Transcribe each entry exactly as it appears, leaving out any picture it holds.

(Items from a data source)

╭──

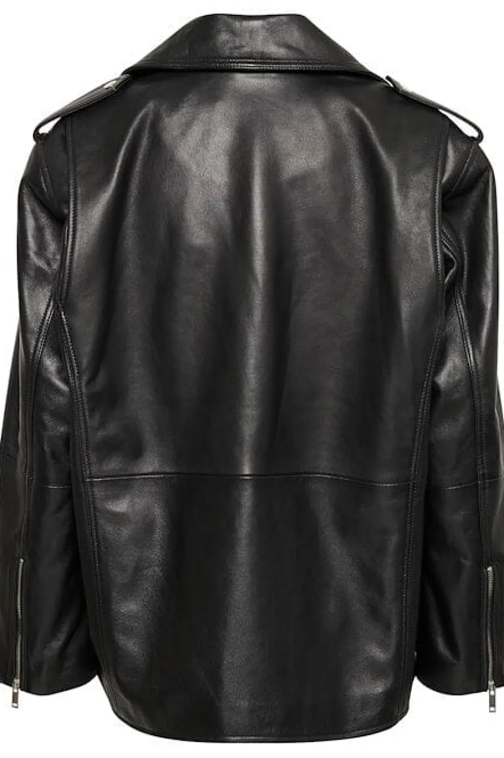 Sort læderjakke fra Gestuz med bikerstil-design. Jakken har skjortekrave, lynlåslukning og flere lommer på fronten. De dekorative syninger giver jakken et råt udtryk.
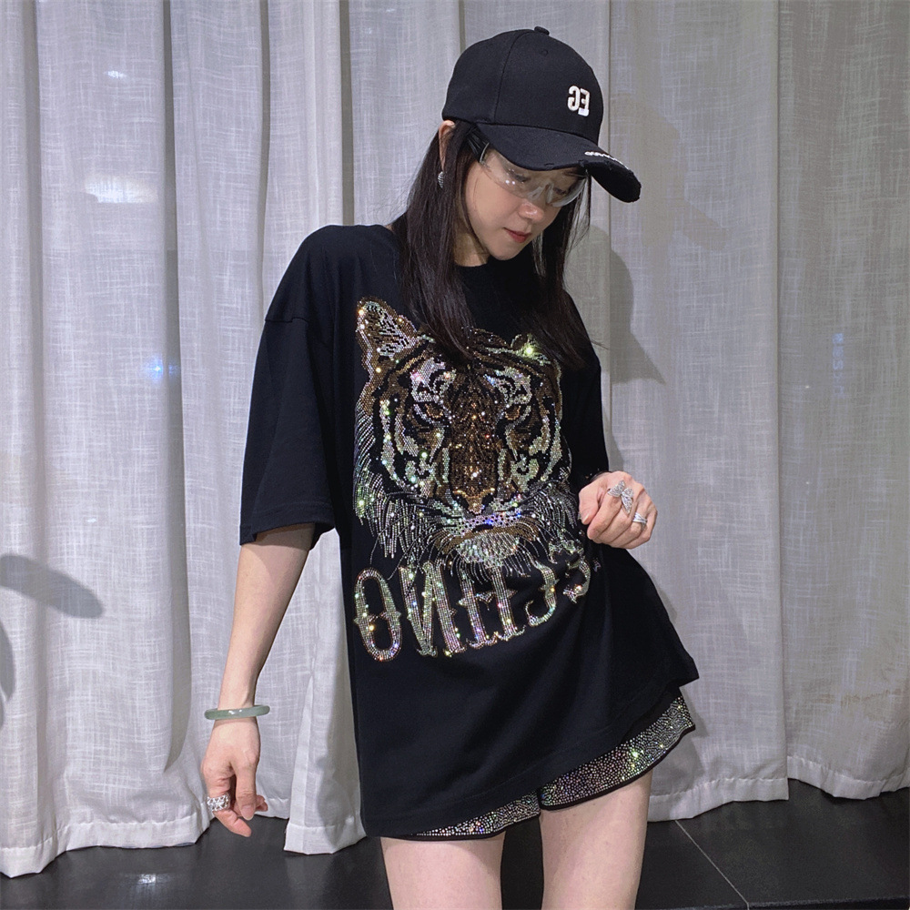 Kaus Lengan Pendek Pullover Kerah Bulat Katun Murni Wanita Gaya Amerika Atasan Pasangan Pria/Wanita Ukuran Besar Lengan Setengah Panjang Berlian Gemerlap Model Sama Pria dan Wanita Musim Panas
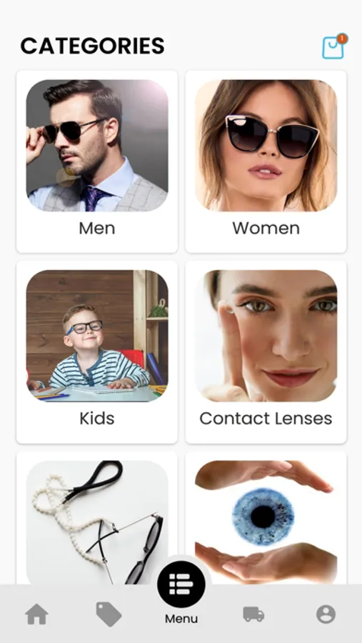 Selling and equipping sunglasses and medical glasses, selling medical and colored contact lenses, solutions, drops and checking
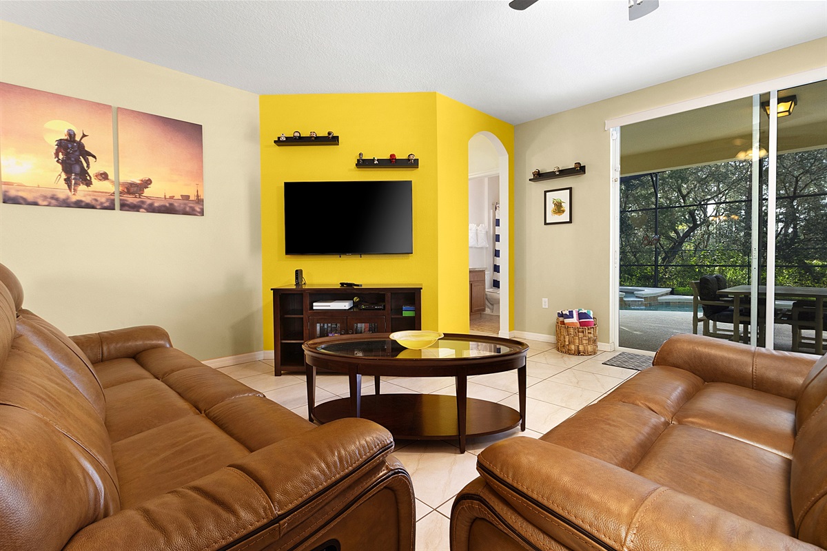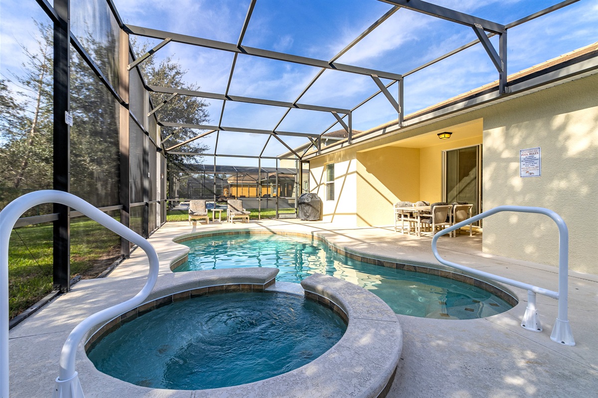 The game room has a pool table, a Foosball table Star Wars décor. The private pool area has a covered lanai with a table and chairs and wall-mounted towel drying rods. The giant, southern facing, swimming pool has an attached spa and looks out to a conservation area. The pool area is surrounded by a screen enclosure.
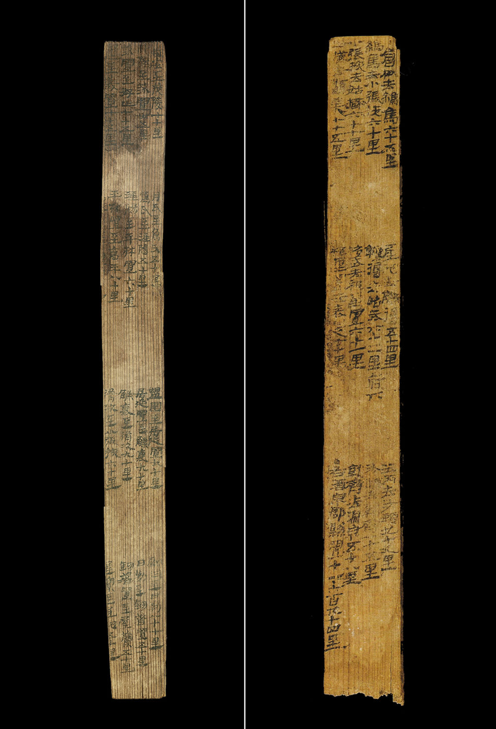 拼版照片:漢簡《居延里程簡》(左圖)和《懸泉里程簡》。1974年出土于今內蒙古自治區額濟納旗破城子遺址的“居延里程簡”,詳細記載了從漢代長安出發至張掖郡20個驛置名稱及間隔里程。1990年出土于敦煌懸泉置遺址的“懸泉里程簡”,記載了河西走廊地區武威郡到敦煌郡12個驛置的詳細信息。新華社發(甘肅簡牘博物館供圖)

╰──

Solution ▸
 Sort læderjakke fra Gestuz med bikerstil-design. Jakken har skjortekrave, lynlåslukning og flere lommer på fronten. De dekorative syninger giver jakken et råt udtryk.
 Kaus Lengan Pendek Pullover Kerah Bulat Katun Murni Wanita Gaya Amerika Atasan Pasangan Pria/Wanita Ukuran Besar Lengan Setengah Panjang Berlian Gemerlap Model Sama Pria dan Wanita Musim Panas
 Selling and equipping sunglasses and medical glasses, selling medical and colored contact lenses, solutions, drops and checking
 The game room has a pool table, a Foosball table Star Wars décor. The private pool area has a covered lanai with a table and chairs and wall-mounted towel drying rods. The giant, southern facing, swimming pool has an attached spa and looks out to a conservation area. The pool area is surrounded by a screen enclosure.
 拼版照片:漢簡《居延里程簡》(左圖)和《懸泉里程簡》。1974年出土于今內蒙古自治區額濟納旗破城子遺址的“居延里程簡”,詳細記載了從漢代長安出發至張掖郡20個驛置名稱及間隔里程。1990年出土于敦煌懸泉置遺址的“懸泉里程簡”,記載了河西走廊地區武威郡到敦煌郡12個驛置的詳細信息。新華社發(甘肅簡牘博物館供圖)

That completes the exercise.